# Lighted Nocks: Yea or Nea? Which One?



## tickfarm (May 11, 2006)

The last two pigs I shot have been under a feeder at dark using FMJ's. Both were passthrus and I couldn't find the arrow till the next day. Are the batterys replaceable and what are your thoughts. Thanks....


----------



## Poco Mojito (Jun 20, 2013)

*Lighted Knocks*

Nockturnal have worked great for me. They will add @20 grains to your total arrow weight.


----------



## tickfarm (May 11, 2006)

Poco Mojito said:


> Nockturnal have worked great for me. They will add @20 grains to your total arrow weight.


Thanks for the reply. Are the Nockturnals a one time use, can the batterys be replaced?


----------



## Trouthunter (Dec 18, 1998)

Nockturnals are great. After you recover your arrow you turn the lighted nock off.
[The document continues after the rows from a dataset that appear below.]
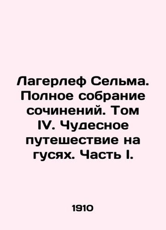 Lagerlof Selma. A Complete Collection of Works. Volume IV. A Wonderful Journey on the Geese, Part I. In Russian /Lagerlef Selma. Polnoe sobranie sochineniy. Tom IV. Chudesnoe puteshestvie na gusyakh. Chast I. Translation by M. Barsukova, A. Koiransky. Second edition. Moscow 1910. We have thousands of titles and often several copies of each title may be available. Please feel free to contact us for a detailed description of the copies available. SKUalbda31fd06194fdf9d.
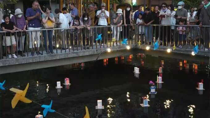 僧侶が読経を行う中、約2500個の灯籠が次々と西川に浮かべられていきます。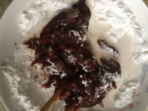 在面团发酵的时候我们来准备豆沙馅儿,糯米粉少量加入做好的豆沙,再加入少量清水搅拌均匀,糯米粉和豆沙比例是1:1

Instructions are on the package. I've got some that are 2 or 3 years old and still work great.

TH


----------



## altez (Sep 12, 2012)

Nockturnals are good, you can resue if you turn off and don't leave them on. They may change your arrow flight. I found that out the hard way. ):


----------



## THE JAMMER (Aug 1, 2005)

I think they are great for game recovery. Just be aware that if you hunt in Colorado, THEY ARE ILLEGAL.


----------



## fishtails75 (Jul 27, 2008)

lumanoks from burt coyote have worked flawless for me, i stick with what works for me,good luck.


----------



## prophead (May 25, 2012)

I've been using Accunocks when not using lighted nocks & really like them.


----------



## bobfishbw (Feb 3, 2009)

Tail lights. They are the same as Nocturnals exept they are a lot cheaper. I get a dozen for $49.


----------



## Rancher86 (Nov 15, 2012)

*arrow base LED knock*

Mine have worked perfecty, and most importantly can be found easily. Didn't throw my Point Of Aim off either. good luck and I highly suggest them


----------



## Bassman5119 (Feb 26, 2008)

Cant' attest to the others, and like the idea of a dozen TailLights for $49.00, but Nocturnals have worked well for me. And I shoot them a lot in the back yard at targets in low light and at dark after work. I'm told, they should last for ~30 hours total use. All you need is a pointy knife to turn them off after each shot. I won't bow hunt without them again.


----------



## THE JAMMER (Aug 1, 2005)

One thing I have often thought: the nock salesmen always talk about how perfectly aligned their nocks are, and how much of an effect it has on your accuracy. Do you think the quality of the average lighted nock is equal to those "perfect nocks." I'm talking about being perfectly aligned with the shaft??? Probably not. So is the hype about the "perfect nocks" just that- HYPE??


----------



## Rancher86 (Nov 15, 2012)

It might just be hype, but I've not noticed any POI difference with regular knocks and different types of lighted knocks. shot side by side. All stuck in the same hole with field points. I'm sure there's some deviation in the alignment, but not enough to throw shot placement off unless at a significant range (50 yds plus). I could be wrong though, who knows, we'll leave this one to the scientist


----------



## Chase This! (Jul 20, 2007)

Poco Mojito said:


> Nockturnal have worked great for me. They will add @20 grains to your total arrow weight.


x2


----------



## t-tung (Nov 13, 2005)

Another vote for Nocturnals. Of course with any, make sure you get the right ones for the arrows you are shooting. Found out the hard way because they are ambiguously marked with a small sticker "GT", "S" or "?". Can't remember the last one. 
Another point not mentioned is for P&Y, I don't think they're allowed.


----------